Mastocytosis is a rare, heterogeneous myeloid neoplasm characterized by clonal proliferation and abnormal accumulation of mast cells. It is classified into cutaneous mastocytosis (CM), systemic mastocytosis (SM), mast cell sarcoma (MCS), and extracutaneous mastocytoma. SM comprises indolent and smouldering variants as well as advanced forms, including aggressive SM and mast cell leukemia.

Clinical manifestations range from asymptomatic disease to life-threatening presentations with cytopenia, malabsorption, hepatosplenomegaly, lymphadenopathy, ascites, or osteolytic bone lesions. Mediator-related symptoms such as flushing, diarrhea, and anaphylaxis are common. The KIT D816V gain-of-function mutation represents the central pathogenic driver, leading to ligand-independent KIT activation and uncontrolled mast cell proliferation.

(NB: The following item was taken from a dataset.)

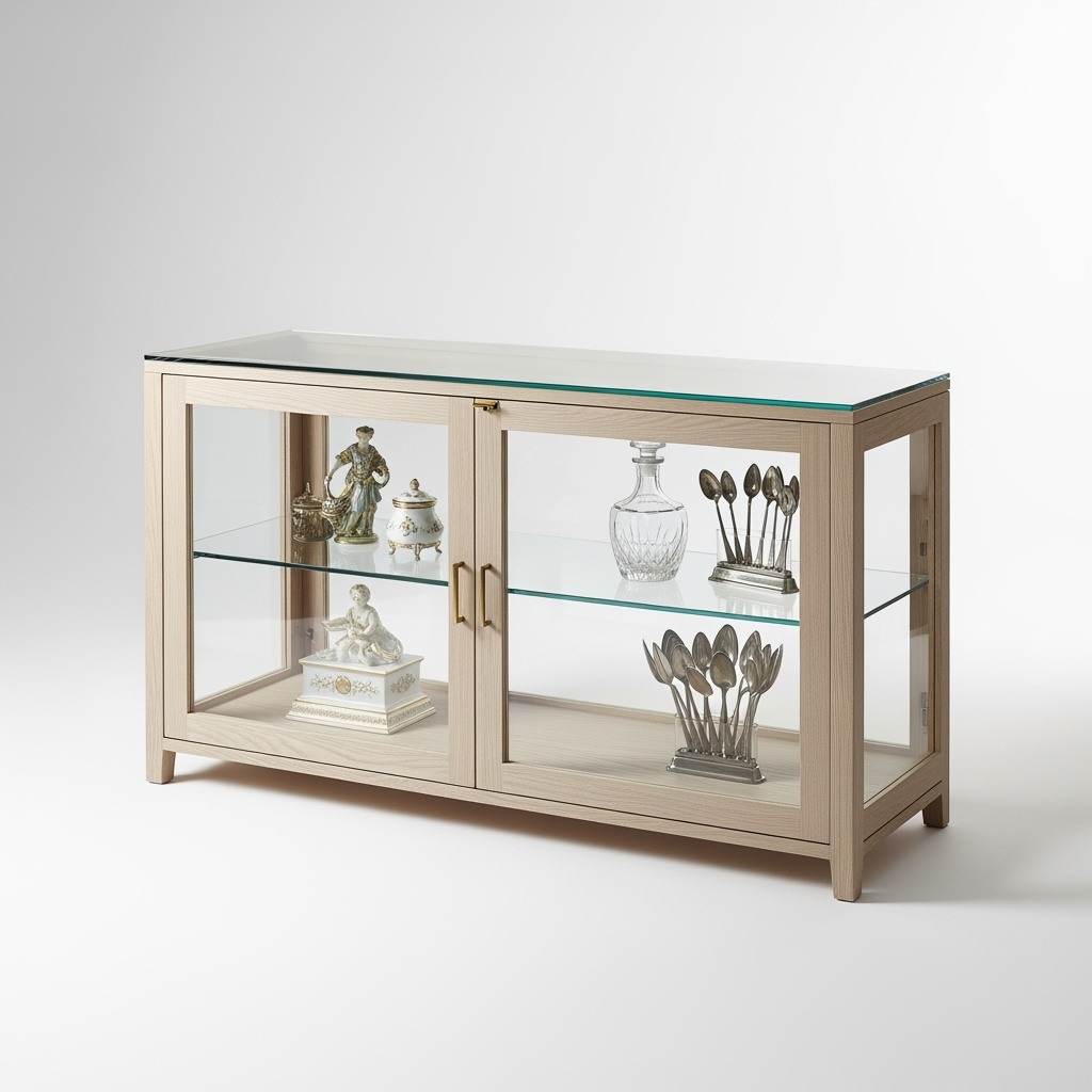 Тумба «Нордико» в современном неоклассическом стиле — образец сдержанной премиальности и архитектурной чистоты. Прозрачные стеклянные фасады и столешница создают эффект лёгкости и визуально расширяют пространство, позволяя эффектно экспонировать предметы декора, посуду или коллекции. Лаконичные пропорции и тёплый светлый оттенок делают изделие универсальным и статусным одновременно.

Diagnosis relies on WHO and ICC criteria, integrating histopathology, immunophenotyping, and KIT mutation analysis. Management depends on disease subtype: non-advanced forms are treated symptomatically with antihistamines, mast cell stabilizers, and trigger avoidance, while advanced SM requires cytoreductive agents and KIT inhibitors. Midostaurin and avapritinib, potent inhibitors of KIT D816V, have demonstrated significant improvements in mediator-related symptoms, overall survival, and quality of life, whereas imatinib is ineffective in D816V-positive patients but may benefit other KIT genotypes (e.g., K509I, V560G, F522C). Emerging inhibitors such as bezuclastinib and elenestinib show promising efficacy. Allogeneic hematopoietic stem cell transplantation remains the only curative option for aggressive SM.

In summary, mastocytosis is a clinically heterogeneous disease in which early-stage treatment focuses on symptom control and anaphylaxis prevention, whereas advanced disease benefits from targeted therapy that has markedly improved prognosis.